Segment Open
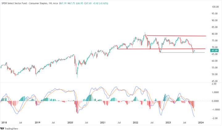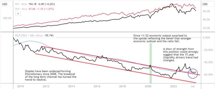 I believe that the long outperformance of discretionary relative to staples is mostly due to the massive liquidity added to the system since the great financial crisis. The liquidity that has aided consumers and thus the economy in general. As liquidity normalizes and the economy slows, staples should begin to outperform discretionary.
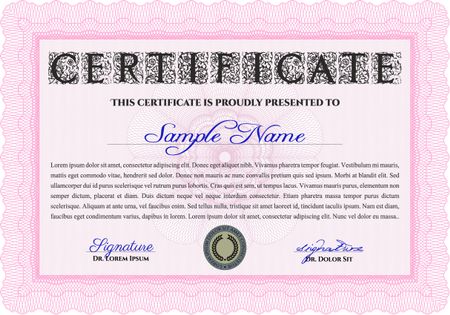 Pink Classic Certificate template. Award. Money Pattern. With great quality guilloche pattern.
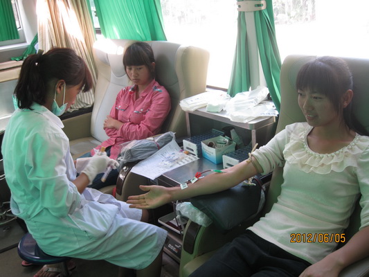 2012年6月5日至6日由院团委主办,院学生会、院青年志愿者协会承办的无偿献血活动在学院两校区举行,我院共有200名学生积极参加献血,其中茭菱校区96人,小哨校区104人。
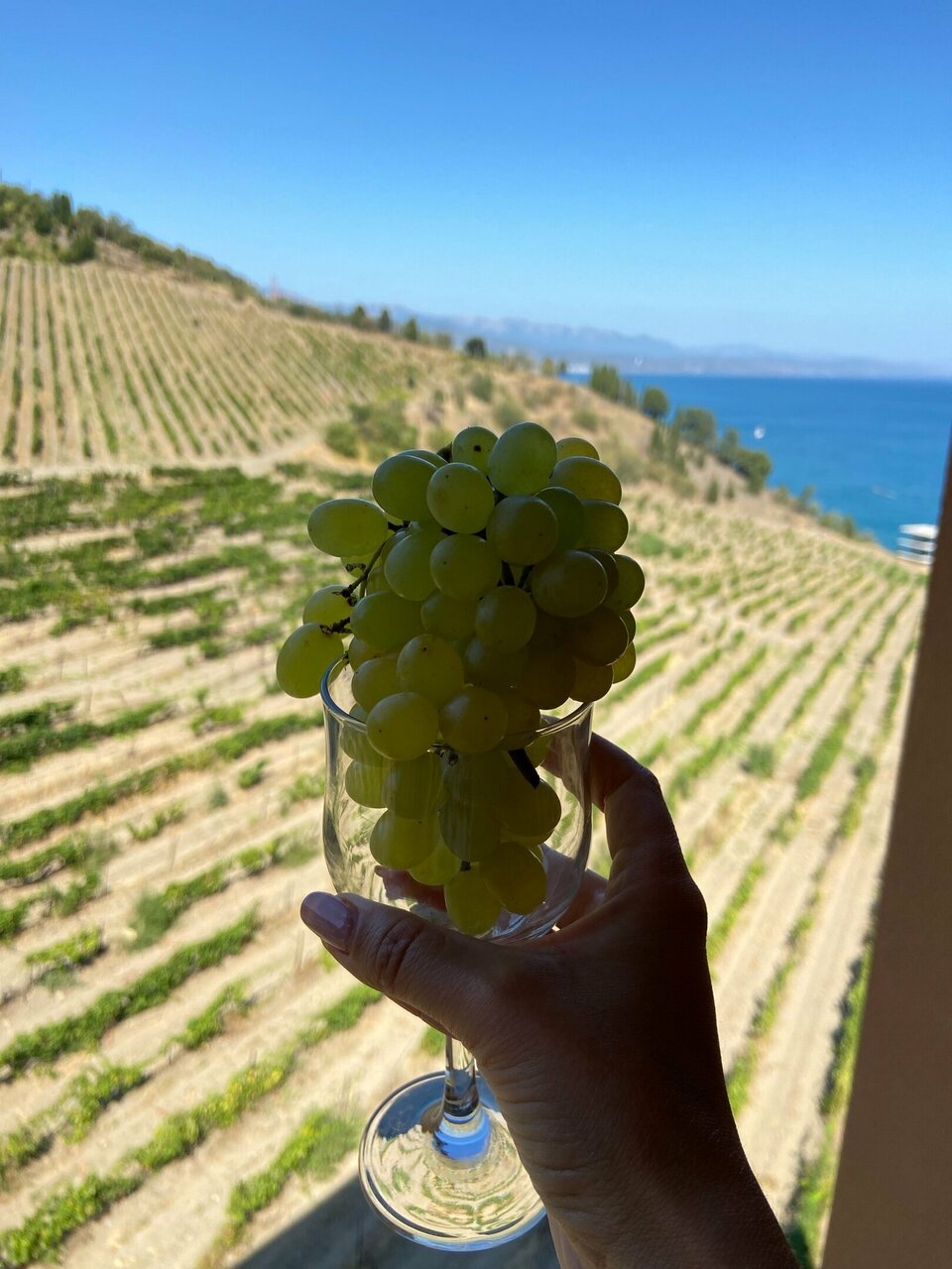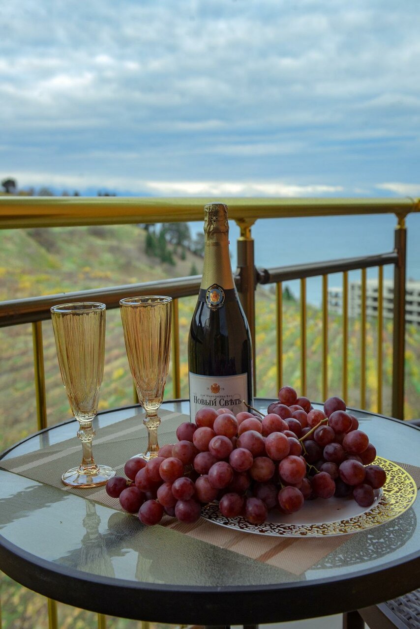 Уютный и просторный двухкомнатный номер с раздельными комнатами,расположен на 1-ом этаже. В каждой комнате панорамное окно и балкон(терраса) с видом на море, виноградники и прилегающею территорию.Максимальное размещение 6 гостей.В номере: деревя...
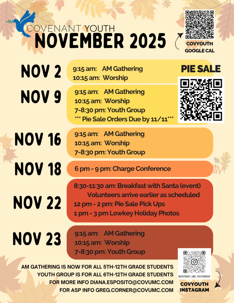 Covenant Youth AM Gatherings are open to all 5th-12th grade students. All other Covenant Youth activities are open to all 6th-12th grade students. For more information, about ASP, contact [email protected]. For more information on all other activities, contact Deacon Diana Esposito [email protected].
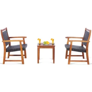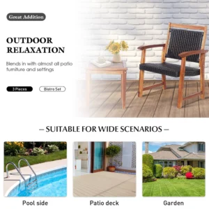 Juego de muebles de madera de acacia: este juego de bistró para patio elige madera de acacia sólida y tenaz para construir una estructura fuerte para sus sillas y la mesa. Adquirir un marco tan resistente significa que este conjunto de muebles tiene una gran resistencia para soportar el uso diario y una gran capacidad para soportar cargas.
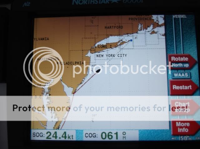 We arrived in Montauk today at 2:05. It was just an unbelievable trip. I would never have imagined that we could have run 701 miles from NC to NY in just 3 days. The weather could not have been any better. These were the best sea conditions I have ever run for an extended period.
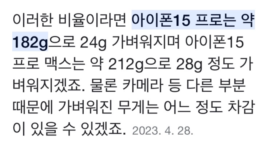 이전 아이폰 14 프로보다 가벼울 것으로 보고있음
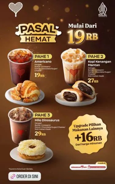 - Pahe 1 (Rp 19.000): Americano + Butter Croissant atau Donut Chocolate/Sugar/Cheese
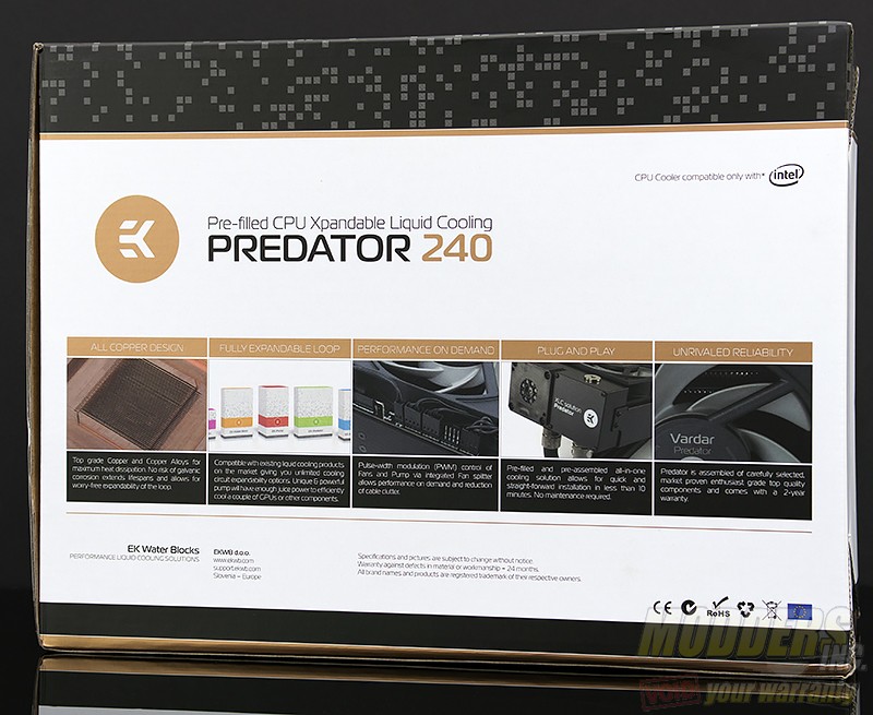 [sc:sponsor sponsor=”EKWB” product_link=”http://predator.ekwb.com/” product_name=”EKWB EK-XLC Predator 240 All-In-One CPU Liquid Cooling Unit” product_price_link=”http://amzn.to/1gP6Lkc” product_price=”$199.95″ ]There is quite a bit of information on the packaging for the Predator 240. On the front of the box you’ll notice there’s an image of the Predator 240 AIO. At the bottom of the front cover, EK lists out the technologies they used in the unit such as, Hovercore, Vardar, Coolstream, etc. The back side lists out some of the features the EK feels really puts the Predator in the spotlight. Using an all copper waterblock, Vardar fans and being fully expandable are some of them.
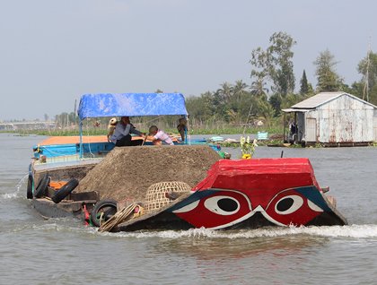 In the afternoon, after relocating about thirty five kilometers north of our morning destination, we boarded the same sampans and cruised through more narrow canals to the very small village of Sadec. Here we walked through local homes and watched the labor-intensive process of making sleeping mats. After walking around through the houses, we made our way to the community center where two village elders spoke to us about the history of the region, and answered any questions we had. It was a fascinating account of local history, and a great opportunity to hear firsthand about living in Sadec.
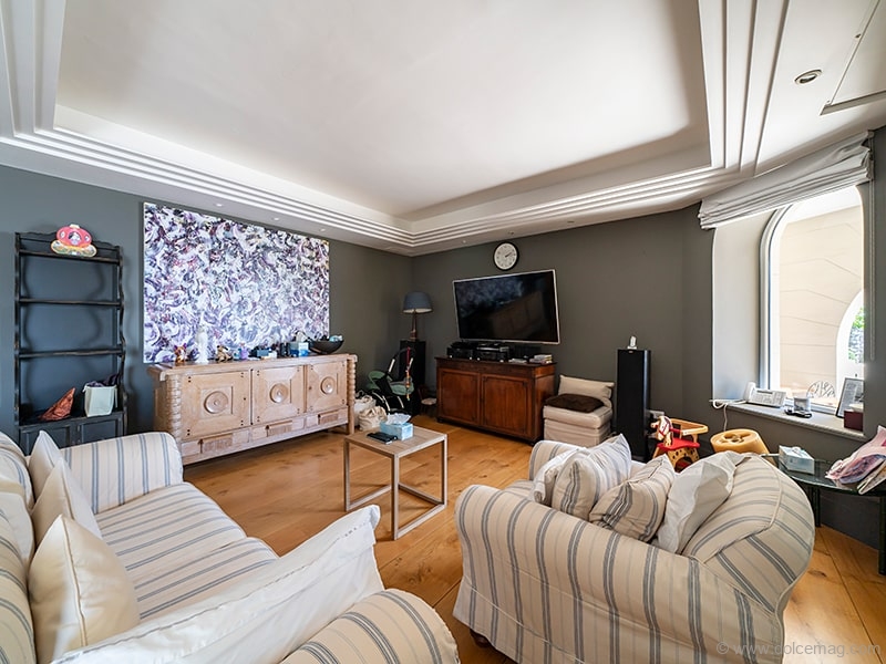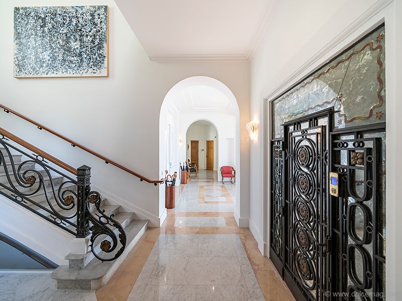 One of the most attractive features of the villa is its surrounding environ, with lush wraparound landscaped garden terraces, two pools and a rooftop terrace. The property also offers a gym, and a staff apartment is located above the attached two-car garage. The entire villa is dressed in colourful wisteria vines, adding to its already-idyllic setting.
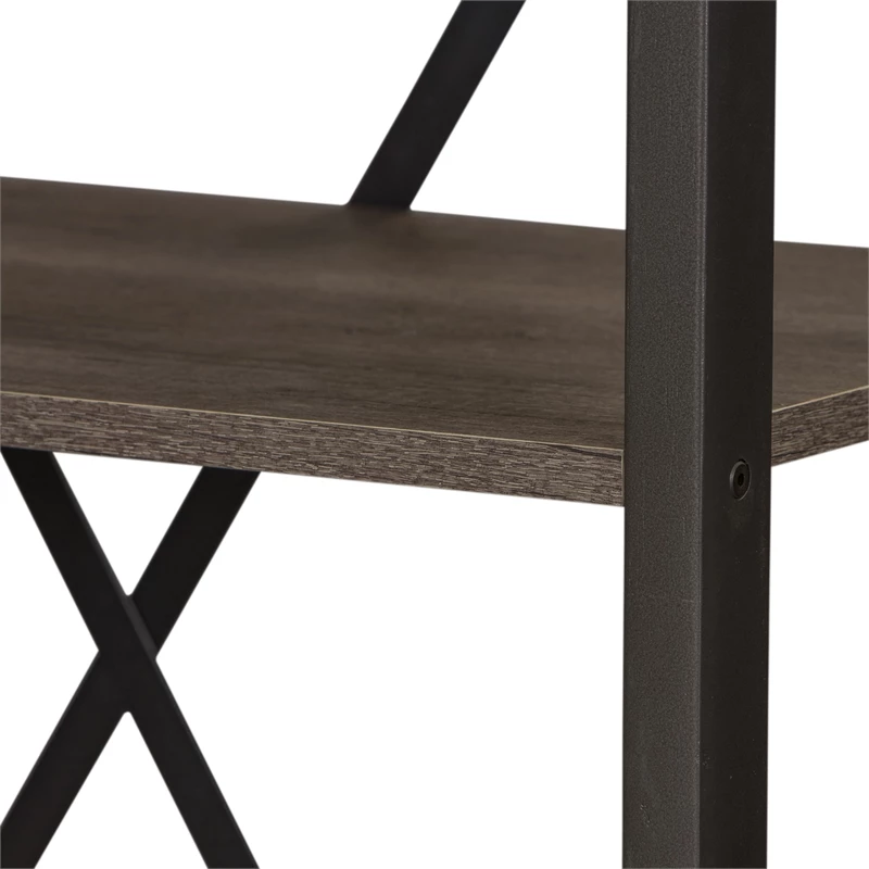 Work from home or your office in style with the Tanners Creek desk and bookcase set. Crafted of a rubberwood solid frame and melamine, this piece features a Greystone finish, open ends finished in a dark pewter metal finish, and a floating shelf design. Bookcase has X metal strip accent, desk bolts to bookcase for an L-shape feel. The melamine is scratch resistant, making this piece sure to last in any home. Tanners Creek offers a natural feeling created by the living space as well as the furnishings that attribute to it.
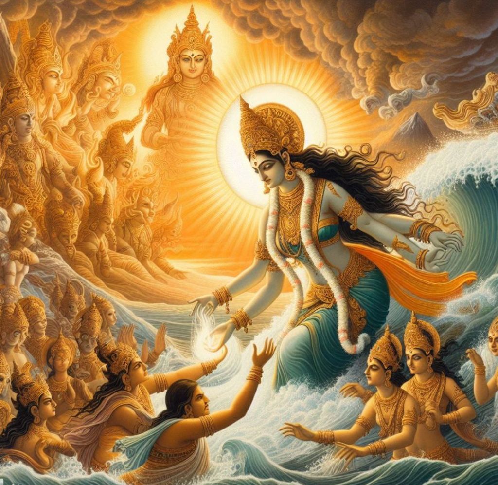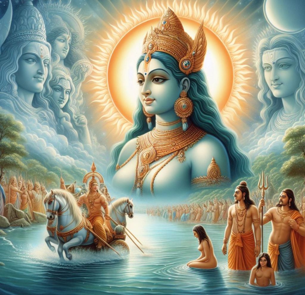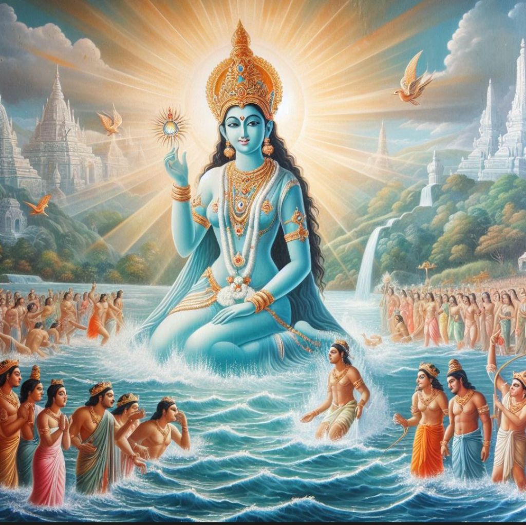 Z jej boskiego ciała wytrysnęły strumienie czystej, świętej wody, które rozlały się po ziemi, tworząc rzekę. Wody Jamuny płynęły przez zielone doliny i suche pustynie, przynosząc życie tam, gdzie tylko mogły. Ludzie z daleka i bliska przybywali, aby zanurzyć się w jej łaskawych falach, znajdując ukojenie dla swoich dusz i serc.
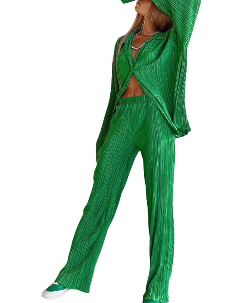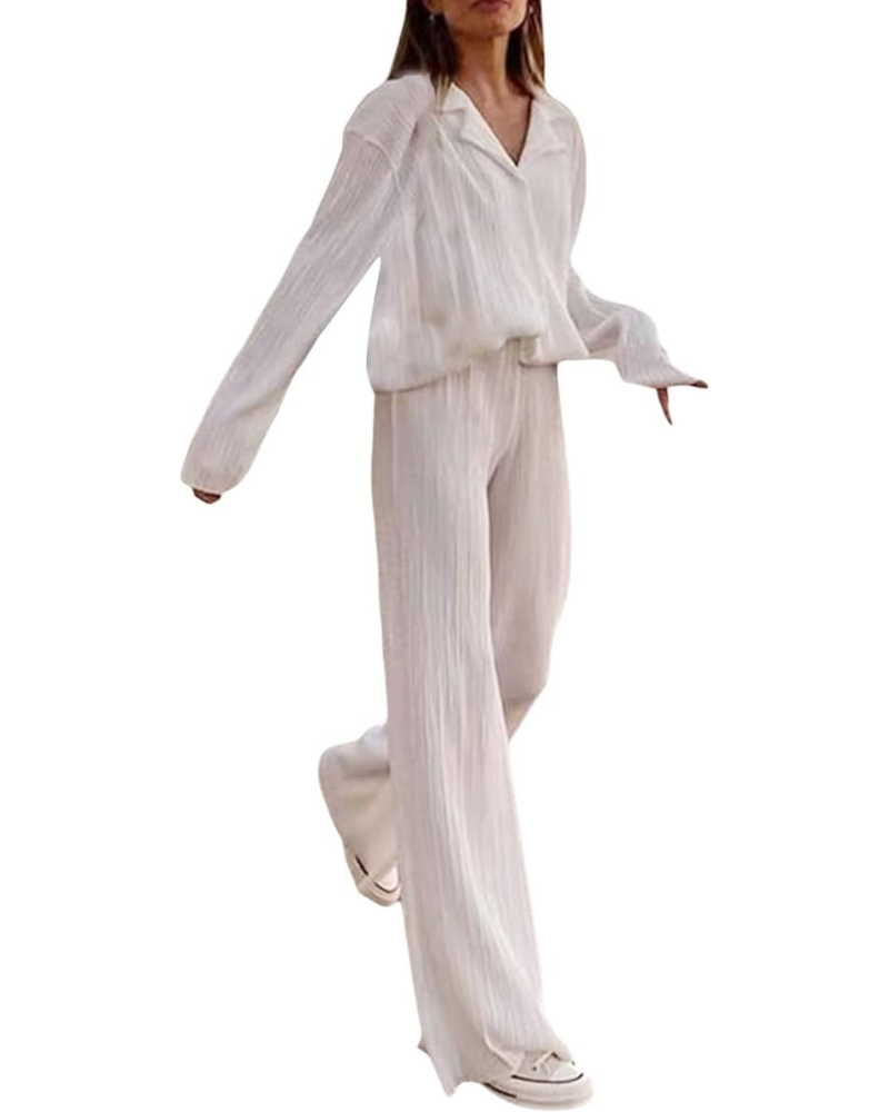 ELEGANT PLISSAD DESIGN: Women's Elegant Pleated Duo har plisserade detaljer på både den långärmade toppen och byxorna, vilket ger en touch av elegans och stil till din ensemble.
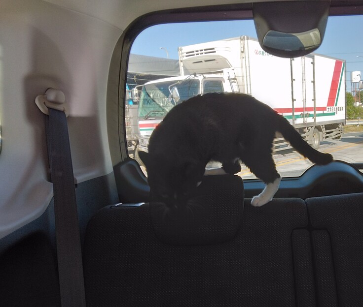 怖かったのでしばらく病院の駐車場に待機して、キャリーケースの中へ入れる状態になって出発。
Segment Closed
#### [Problem to work on]
Transcribe the whole listing, character for character, but not its images.

#### [Exercise response]
 I believe that the long outperformance of discretionary relative to staples is mostly due to the massive liquidity added to the system since the great financial crisis. The liquidity that has aided consumers and thus the economy in general. As liquidity normalizes and the economy slows, staples should begin to outperform discretionary.
 Pink Classic Certificate template. Award. Money Pattern. With great quality guilloche pattern.
 2012年6月5日至6日由院团委主办,院学生会、院青年志愿者协会承办的无偿献血活动在学院两校区举行,我院共有200名学生积极参加献血,其中茭菱校区96人,小哨校区104人。
 Уютный и просторный двухкомнатный номер с раздельными комнатами,расположен на 1-ом этаже. В каждой комнате панорамное окно и балкон(терраса) с видом на море, виноградники и прилегающею территорию.Максимальное размещение 6 гостей.В номере: деревя...
 Covenant Youth AM Gatherings are open to all 5th-12th grade students. All other Covenant Youth activities are open to all 6th-12th grade students. For more information, about ASP, contact [email protected]. For more information on all other activities, contact Deacon Diana Esposito [email protected].
 Juego de muebles de madera de acacia: este juego de bistró para patio elige madera de acacia sólida y tenaz para construir una estructura fuerte para sus sillas y la mesa. Adquirir un marco tan resistente significa que este conjunto de muebles tiene una gran resistencia para soportar el uso diario y una gran capacidad para soportar cargas.
 We arrived in Montauk today at 2:05. It was just an unbelievable trip. I would never have imagined that we could have run 701 miles from NC to NY in just 3 days. The weather could not have been any better. These were the best sea conditions I have ever run for an extended period.
 이전 아이폰 14 프로보다 가벼울 것으로 보고있음
 - Pahe 1 (Rp 19.000): Americano + Butter Croissant atau Donut Chocolate/Sugar/Cheese
 [sc:sponsor sponsor=”EKWB” product_link=”http://predator.ekwb.com/” product_name=”EKWB EK-XLC Predator 240 All-In-One CPU Liquid Cooling Unit” product_price_link=”http://amzn.to/1gP6Lkc” product_price=”$199.95″ ]There is quite a bit of information on the packaging for the Predator 240. On the front of the box you’ll notice there’s an image of the Predator 240 AIO. At the bottom of the front cover, EK lists out the technologies they used in the unit such as, Hovercore, Vardar, Coolstream, etc. The back side lists out some of the features the EK feels really puts the Predator in the spotlight. Using an all copper waterblock, Vardar fans and being fully expandable are some of them.
 In the afternoon, after relocating about thirty five kilometers north of our morning destination, we boarded the same sampans and cruised through more narrow canals to the very small village of Sadec. Here we walked through local homes and watched the labor-intensive process of making sleeping mats. After walking around through the houses, we made our way to the community center where two village elders spoke to us about the history of the region, and answered any questions we had. It was a fascinating account of local history, and a great opportunity to hear firsthand about living in Sadec.
 One of the most attractive features of the villa is its surrounding environ, with lush wraparound landscaped garden terraces, two pools and a rooftop terrace. The property also offers a gym, and a staff apartment is located above the attached two-car garage. The entire villa is dressed in colourful wisteria vines, adding to its already-idyllic setting.
 Work from home or your office in style with the Tanners Creek desk and bookcase set. Crafted of a rubberwood solid frame and melamine, this piece features a Greystone finish, open ends finished in a dark pewter metal finish, and a floating shelf design. Bookcase has X metal strip accent, desk bolts to bookcase for an L-shape feel. The melamine is scratch resistant, making this piece sure to last in any home. Tanners Creek offers a natural feeling created by the living space as well as the furnishings that attribute to it.
 Z jej boskiego ciała wytrysnęły strumienie czystej, świętej wody, które rozlały się po ziemi, tworząc rzekę. Wody Jamuny płynęły przez zielone doliny i suche pustynie, przynosząc życie tam, gdzie tylko mogły. Ludzie z daleka i bliska przybywali, aby zanurzyć się w jej łaskawych falach, znajdując ukojenie dla swoich dusz i serc.
 ELEGANT PLISSAD DESIGN: Women's Elegant Pleated Duo har plisserade detaljer på både den långärmade toppen och byxorna, vilket ger en touch av elegans och stil till din ensemble.
 怖かったのでしばらく病院の駐車場に待機して、キャリーケースの中へ入れる状態になって出発。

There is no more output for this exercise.